▸ Aim of the task
In the data below, find the line that contains "ドア左手の壁にある手かざし式のセンサーパネルのほか、" and the line that contains "- RESTORES STRENGTH". Copy both, plus every line between them, exactly.

▸ Data extracts
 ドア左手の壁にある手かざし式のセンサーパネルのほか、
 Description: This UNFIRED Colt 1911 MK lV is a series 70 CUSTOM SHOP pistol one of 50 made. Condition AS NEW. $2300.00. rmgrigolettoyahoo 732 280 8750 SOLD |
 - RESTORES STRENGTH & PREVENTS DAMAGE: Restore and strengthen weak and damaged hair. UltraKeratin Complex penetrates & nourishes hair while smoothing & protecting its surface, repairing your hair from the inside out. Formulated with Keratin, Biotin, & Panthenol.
==
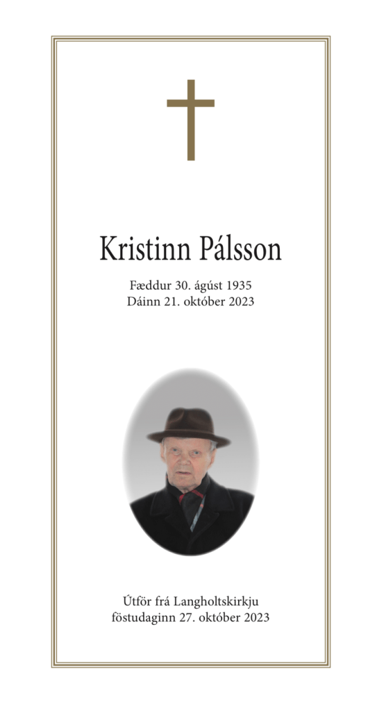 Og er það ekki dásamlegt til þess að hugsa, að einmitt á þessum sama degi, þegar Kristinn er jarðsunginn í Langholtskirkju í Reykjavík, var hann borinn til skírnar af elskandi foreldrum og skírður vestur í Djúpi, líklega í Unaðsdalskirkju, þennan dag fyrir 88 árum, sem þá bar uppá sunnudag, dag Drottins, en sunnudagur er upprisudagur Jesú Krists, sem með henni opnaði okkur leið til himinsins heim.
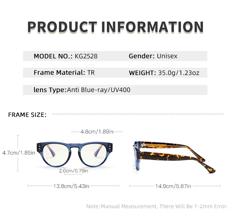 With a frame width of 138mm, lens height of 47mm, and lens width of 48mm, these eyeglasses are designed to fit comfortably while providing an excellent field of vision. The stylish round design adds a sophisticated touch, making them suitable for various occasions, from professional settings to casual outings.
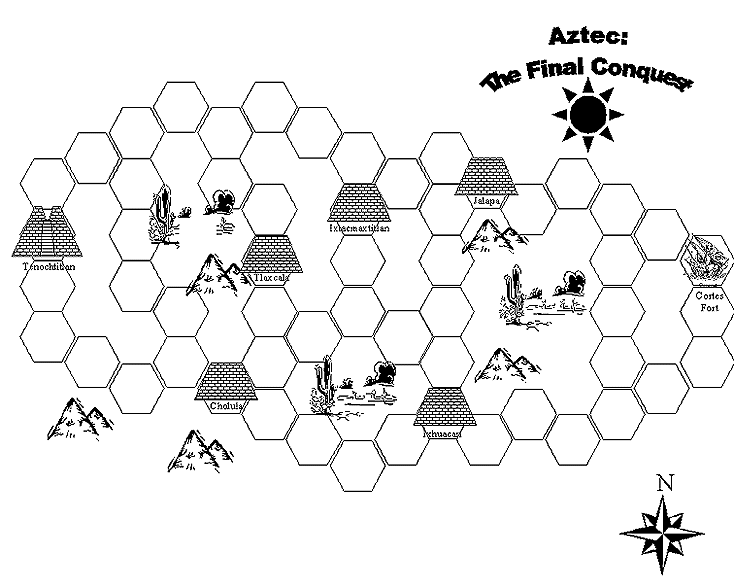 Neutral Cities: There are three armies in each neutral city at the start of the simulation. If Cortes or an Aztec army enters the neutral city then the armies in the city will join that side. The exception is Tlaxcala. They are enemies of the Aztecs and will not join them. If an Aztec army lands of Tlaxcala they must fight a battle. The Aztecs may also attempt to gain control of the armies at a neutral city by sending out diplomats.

▸ Task answer
 ドア左手の壁にある手かざし式のセンサーパネルのほか、
 Description: This UNFIRED Colt 1911 MK lV is a series 70 CUSTOM SHOP pistol one of 50 made. Condition AS NEW. $2300.00. rmgrigolettoyahoo 732 280 8750 SOLD |
 - RESTORES STRENGTH & PREVENTS DAMAGE: Restore and strengthen weak and damaged hair. UltraKeratin Complex penetrates & nourishes hair while smoothing & protecting its surface, repairing your hair from the inside out. Formulated with Keratin, Biotin, & Panthenol.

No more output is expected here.